:: Task details ::
With the pictures left out, retype exactly the lines below starting at the line that contains "受此影响,昨日开盘后尼古拉的" and ending at the line that contains "U.S. Fish and".
************
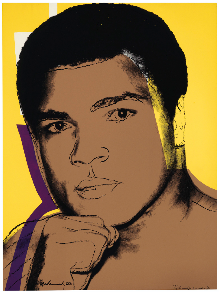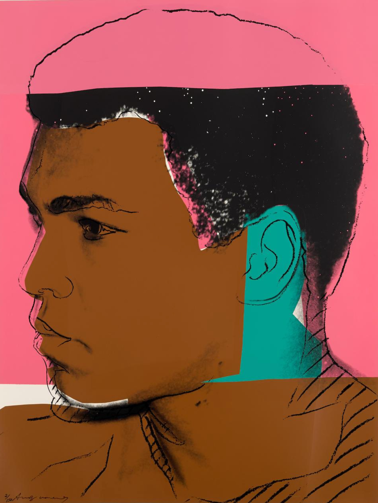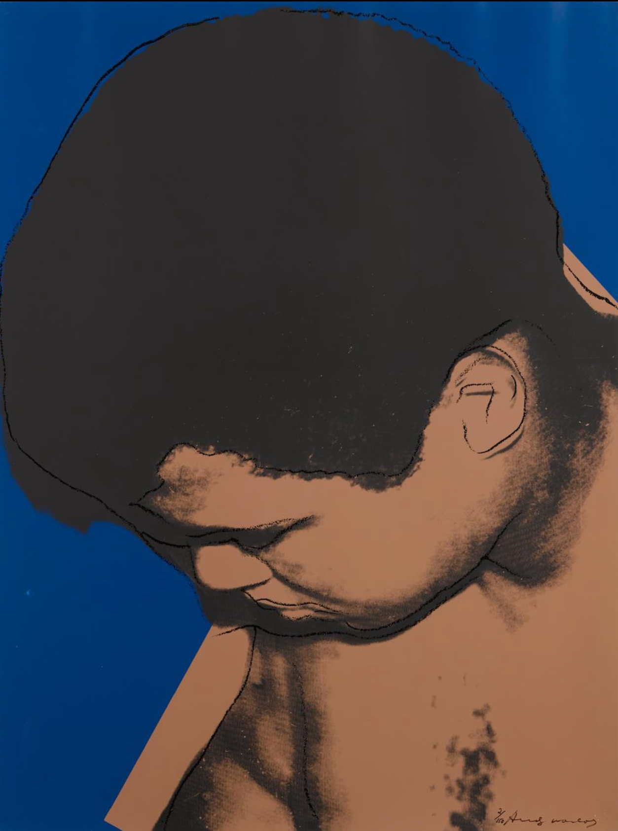 Andy Warhol photographed Muhammad Ali for the first time as part of his 1977 Athletes series. This group of works featured other sports stars of the era, such as the golfer Jack Nicklaus, Brazilian soccer hero Pele and basketball legend Kareem Abdul-Jabbar, and was initiated by the West Coast art collector and sports fanatic Richard Weisman. At the time of their first encounter, Muhammad Ali was — for the third time — the World Boxing Association Heavyweight Champion, and Andy Warhol was approaching the peak of his celebrity. They could not have been more different.
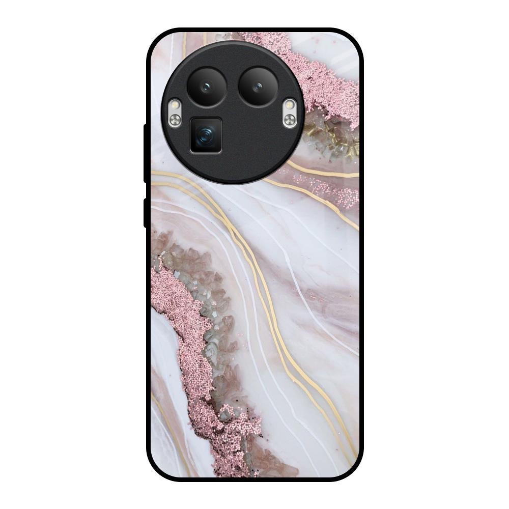 Pink & Gold Gllitter Marble Glass Case for Realme GT8 Pro 5G
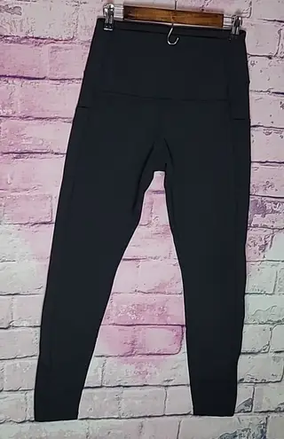 wider control top style waist sheer mesh small side pockets great condition no tears, stains thicker knit style measurements approximated waist across 13.5 inches rise 12.5 inches inseam 28 inches ankle 4.5 inches
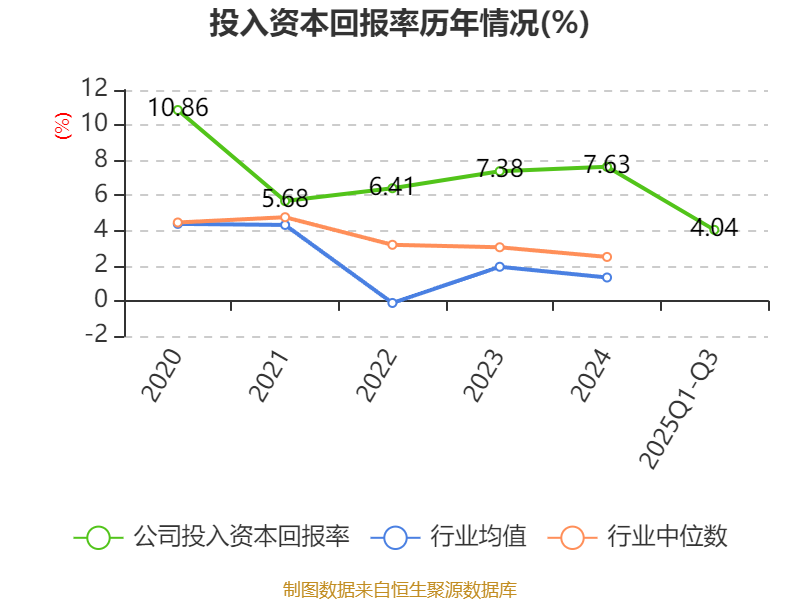 盈利能力方面, 2025年前三季度公司加权平均净资产收益率为4.51%,同比上升0.25个百分点。公司2025年前三季度投入资本回报率为4.04%,较上年同期上升0.42个百分点。
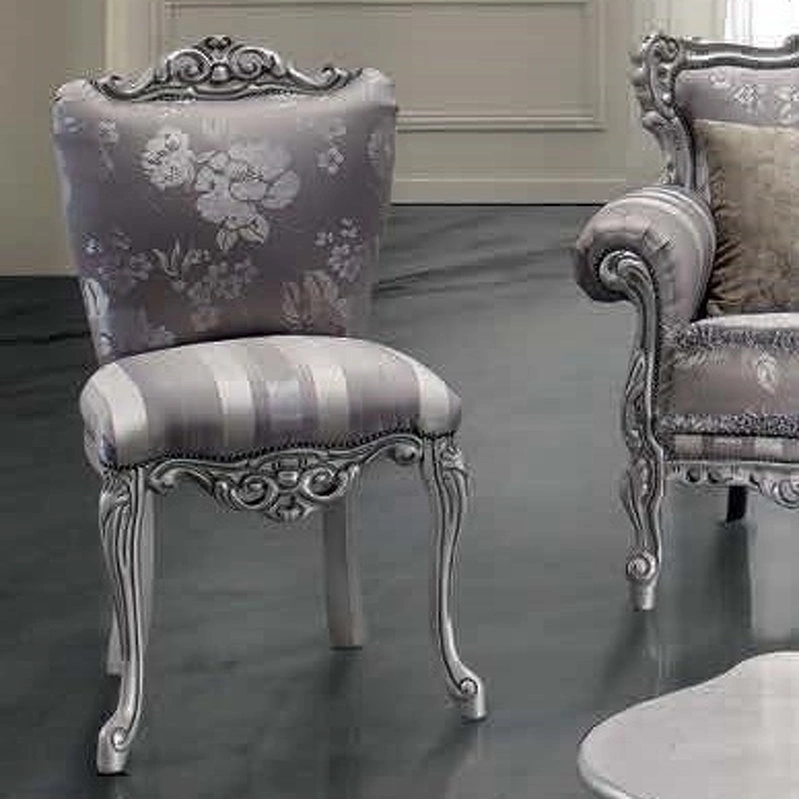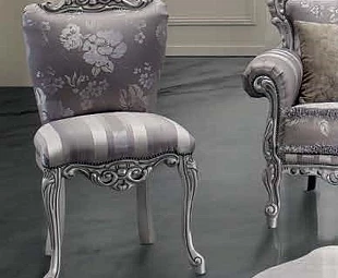 Стул на изогнутых ножках выполнен в классическом стиле. Фигурная спинка и основание декорированы резьбой. Сиденье и спинка обтянуты тканью.
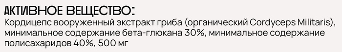 АКТИВНОЕ ВЕЩЕСТВО:Кордицепс вооруженный экстракт гриба (органический Cordyceps Militaris), минимальное содержание бета-глюкана 30%, минимальное содержание полисахаридов 40%, 500 мгСУПЕРСИЛЫ:✅ Природное тонизирующее средство✅ Увеличивает физическую выносливость организма✅ Поддерживает здоровое сексуальное функционирование✅ Снижает уровень холестерина в крови✅ Обладает противовоспалительным и обезболивающим действиемПОКАЗАНИЯ К ПРИМЕНЕНИЮ:✅ Физическое и умственное переутомление✅ Снижение иммунитета✅ Вирусные инфекции✅ Нарушение работы сердечно-сосудистой системы✅ Воспалительные процессы органов желудочно-кишечного тракта✅ Сексуальная дисфункция
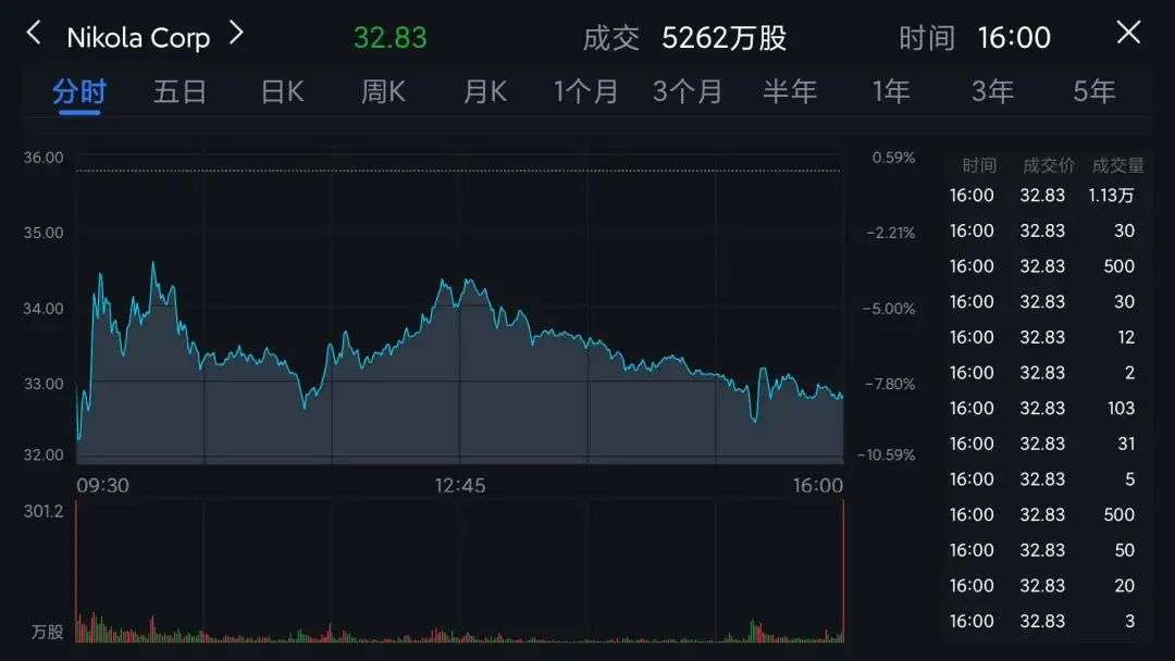 受此影响,昨日开盘后尼古拉的股价大跌9.42%,之后有所回升,收盘时该公司的股价仍下跌了8.27%,为32.83美元/股左右(约合人民币222.6元/股)。
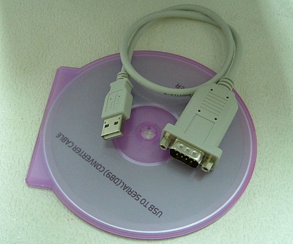 そんな状況の中、登場したのがコレである。USB->シリアル変換ケーブル、つまりUSBをシリアルポートに変換してしまうアイテムである。これさえあれば、USBポートしかないPCでも、シリアルポートが利用できるのである。
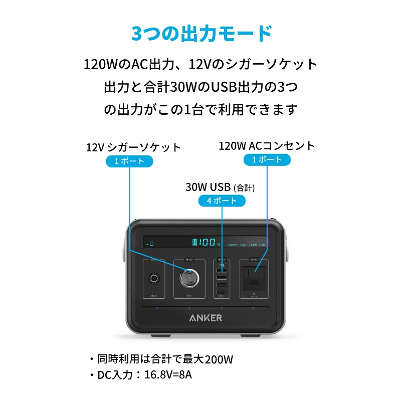 | 出力 | 【DC出力】12V=10A | 【AC出力】110V=1.09A | 【USB出力】5V=6A (各ポート最大2.4A) |
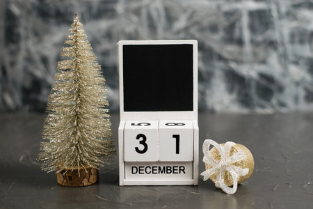 Wooden calendar with December 31 date and beautiful Christmas decoration on dark textured background with copy space.
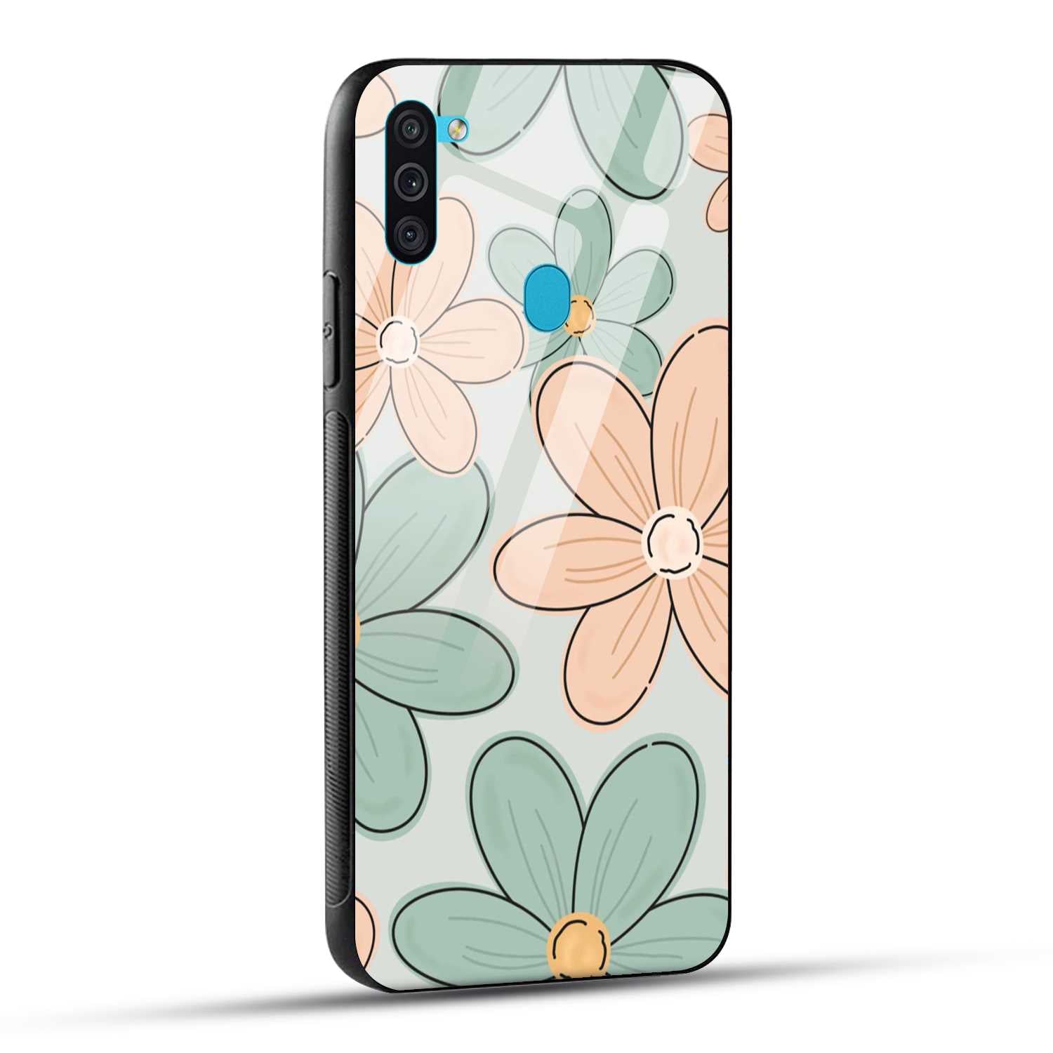 Samsung Galaxy M11 Back Cover Aesthetic Flower Printed Glass Case
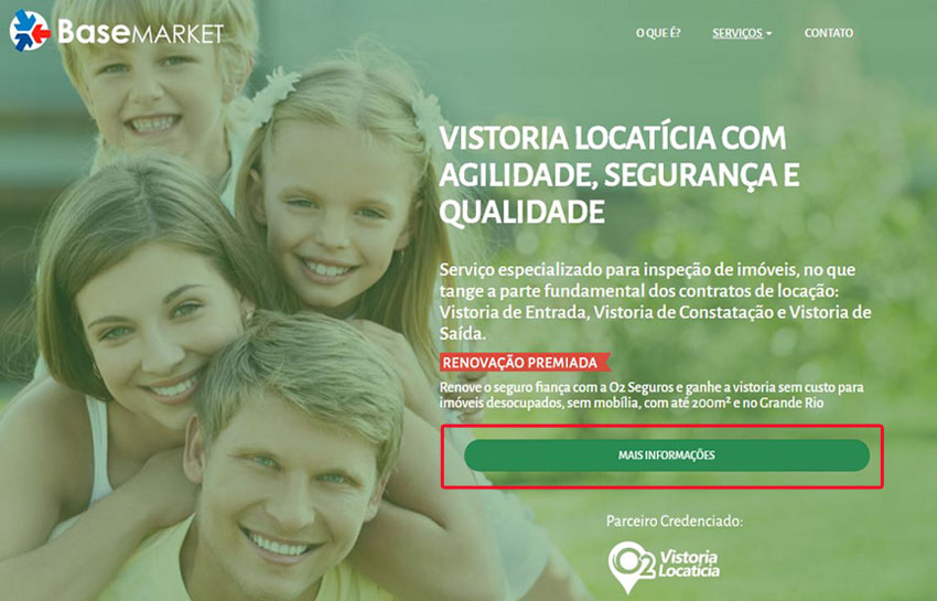 Após clicar sobre o botão Botãovistoria1.jpg haverá redirecionado para a site do Base Market , onde poderá obter simulações. Para obter informações sobre "Vistorias Locatícias", clicar em "Mais Informações".
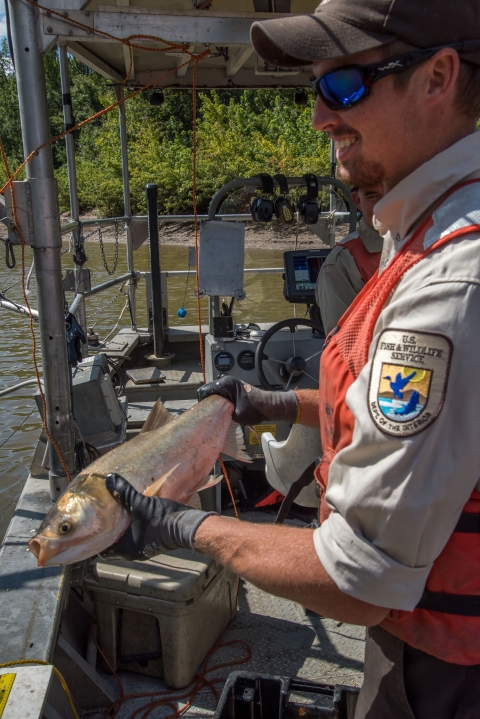 U.S. Fish and Wildlife Service worker holds invasive Silver carp
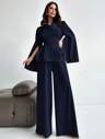 Firerie ชุดเสื้อเบลาส์แขนยาวผ้าซาตินสีฟ้าจับจีบคอปกและกระโปรงยาวจับจีบเอวสูงสำหรับผู้หญิง, โรแมนติก, เดท, ปาร์ตี้, ฤดูแต่งงาน, ชุดรับปริญญา, งานบอลทางการ
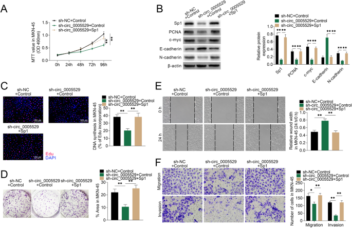 方法细节:构建过表达Sp1的质粒并转染MKN-45细胞,采用Western blotting验证转染效率;在MKN-45细胞中同时敲低circ_0005529并过表达Sp1,采用MTT法、EdU掺入实验、克隆形成实验检测细胞增殖能力,采用划痕愈合实验、Transwell迁移侵袭实验检测细胞迁移侵袭能力;采用Western blotting检测增殖相关蛋白(PCNA、c-myc)及上皮间质转化(EMT)相关蛋白(E-cadherin、N-cadherin)的表达变化。
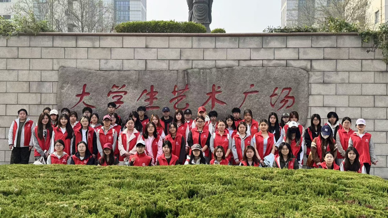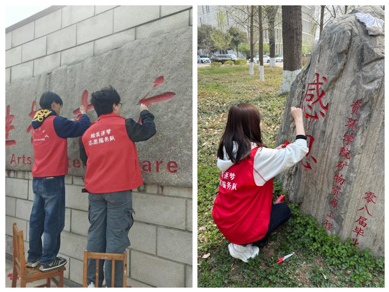 活动现场,身着“绘美逐梦志愿服务队”红马甲的志愿者们分工协作、有序作业,先对石面进行清洁,再反复描摹、逐层上色,让模糊的文字重新变得清晰醒目。春日暖阳下,志愿者们俯身专注描摹的身影,成为校园里一道充满活力的风景线。
************
:: Answer to the problem ::
 受此影响,昨日开盘后尼古拉的股价大跌9.42%,之后有所回升,收盘时该公司的股价仍下跌了8.27%,为32.83美元/股左右(约合人民币222.6元/股)。
 そんな状況の中、登場したのがコレである。USB->シリアル変換ケーブル、つまりUSBをシリアルポートに変換してしまうアイテムである。これさえあれば、USBポートしかないPCでも、シリアルポートが利用できるのである。
 | 出力 | 【DC出力】12V=10A | 【AC出力】110V=1.09A | 【USB出力】5V=6A (各ポート最大2.4A) |
 Wooden calendar with December 31 date and beautiful Christmas decoration on dark textured background with copy space.
 Samsung Galaxy M11 Back Cover Aesthetic Flower Printed Glass Case
 Após clicar sobre o botão Botãovistoria1.jpg haverá redirecionado para a site do Base Market , onde poderá obter simulações. Para obter informações sobre "Vistorias Locatícias", clicar em "Mais Informações".
 U.S. Fish and Wildlife Service worker holds invasive Silver carp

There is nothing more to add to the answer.